One claimant says it is hard to get information about the special Zabeel panel, let alone lodge claims with it. The panel is apart from the regular DIFC courts, which were set up in 2004 as a way to assure foreign investors and banks that they would face a level playing field in Dubai's financial center.
The issue of fairness is particularly important to foreign investors as companies connected to Sheikh Mohammed and the government are deeply integrated into the emirate's economy.
Dubai is one of seven emirates that make up the oil-rich United Arab Emirates.
"The U.A.E. has, on paper, liberalized its economy and provided some sort of veneer of accountability and regulatory environment," said Christopher Davidson, an academic who has written books about Dubai's economy. But the country's commitment to those issues has been tested at times "when ruling-family matters cross over into the private sector," he said.
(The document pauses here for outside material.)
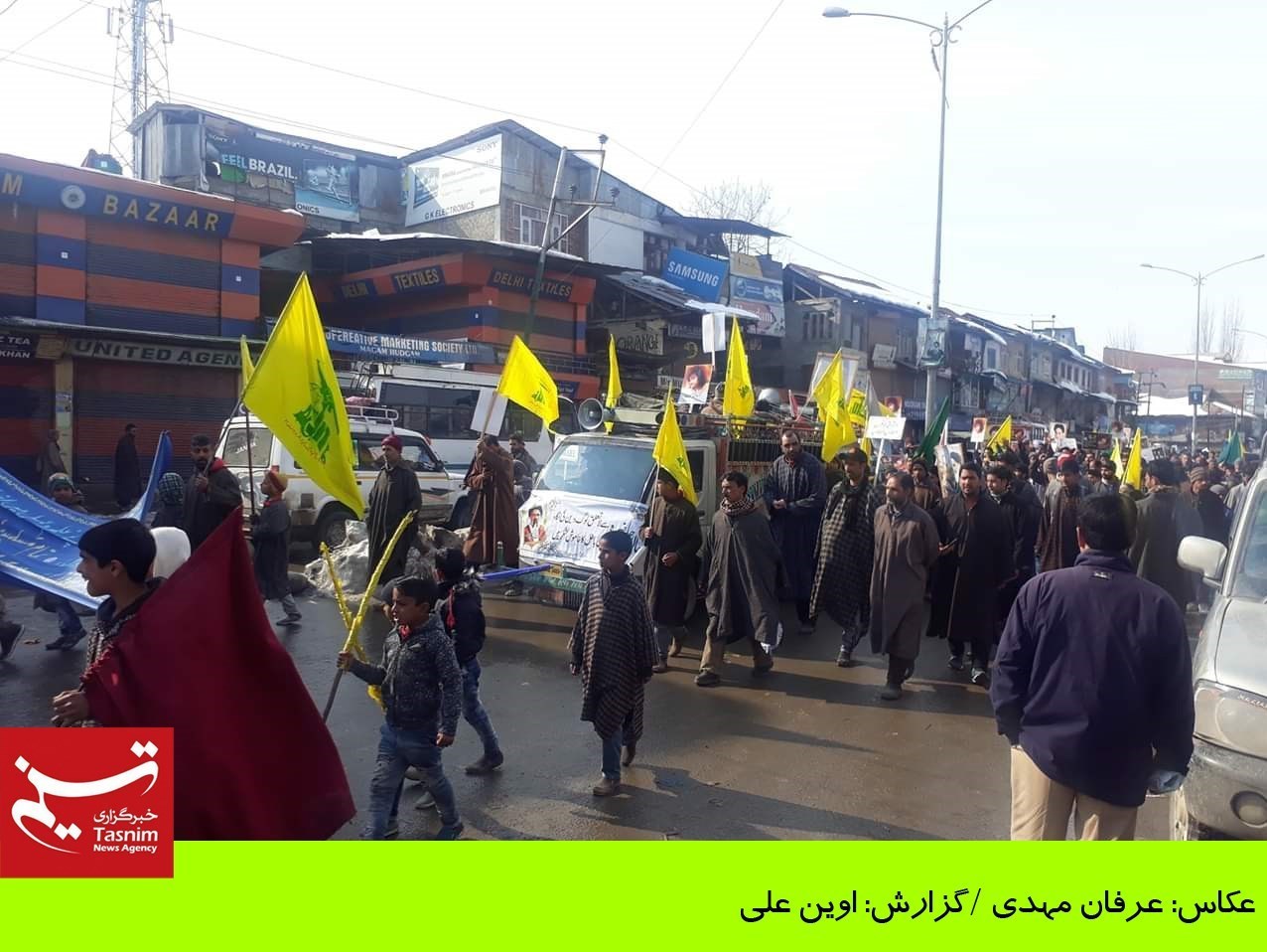 پرچم‌های حزب الله و مقاومت نیز در دستان مردم کشمیر دیده می‌شود که نشان از مواضع آنان در قبال تحولات سوریه، فلسطین و لبنان است.

Mazen Boustany, a lawyer for Zabeel, declined to comment on the panel or the company's current status. Zabeel's website has been taken down and on a recent visit its offices in the DIFC were deserted. Sheikh Mohammed's media office didn't respond to a request for comment, and Sheikh Hamdan couldn't be reached.
As Dubai's crown prince, Sheikh Hamdan is next in line to succeed Sheikh Mohammed as ruler. The 30-year-old prince is one of Sheikh Mohammed's 22 children. He also is a director of Investment Corp. of Dubai, the emirate's main sovereign-wealth fund; owns a skydiving club; and, according to his official website, is an active sportsman.
The Zabeel panel was created in February 2011 by an order signed by Sheikh Mohammed, according to the text of the order reviewed by the Journal. It says cases involving the company are to be heard by a panel of three local judges, but doesn't explain why the move was deemed necessary.
In a brief interview at his office, one of the judges, Badr Issa Al Samt, said the Zabeel panel wasn't currently able to hear cases as it was being reconstituted with the appointment of a new judge. "We have no hearings until a new magistrate is appointed," he said. He declined to comment further on the workings of the Zabeel panel.
A lawyer for one company trying to bring a claim says she is puzzled about how to proceed.
"We have visited the courts to learn about it, and everywhere we turn there seems to be confusion and uncertainty about it," said Ludmila Yamalova, a Dubai-based lawyer who is representing the German architecture firm Graft Gesellschaft von Architekten. "The orders [creating the Zabeel committee] weren't publicly available and weren't published in any of the legal publications where all the legislation is normally published."
In October, Graft sued Zabeel in the DIFC courts, claiming it hadn't been paid for design work on a luxury hotel project. Graft claimed it was owed $1.79 million for work on the development, which was widely publicized when it was launched in 2008 because the actor Brad Pitt said he would be helping with the designs. The hotel was shelved as Dubai's real-estate crisis took hold.
When Graft brought the action in the DIFC courts, Zabeel's lawyers sought to have the case moved to the new judicial body. Ms. Yamalova says that was the first time Graft learned of the panel's existence.
Graft isn't the only foreign company that has attempted to bring claims against Zabeel. The international law firm DLA Piper sued Zabeel in the DIFC courts last year, but the courts' registrar issued an order in July referring it to the special judicial committee. It isn't clear what happened next in the case or what the lawsuit is about; DLA Piper declined to comment.
Zabeel was one of Dubai's most active investment firms during the Persian Gulf emirate's property boom in 2008. The company also had substantial private-equity stakes and foreign investments, including in the Light Group, a restaurant and nightclub operator in Las Vegas. Like many other large Dubai companies owned by the ruling family or connected to the government, Zabeel was forced to restructure debts when asset values fell and banks pulled their financing in the aftermath of the financial crisis.
Leila Hatoum contributed to this article.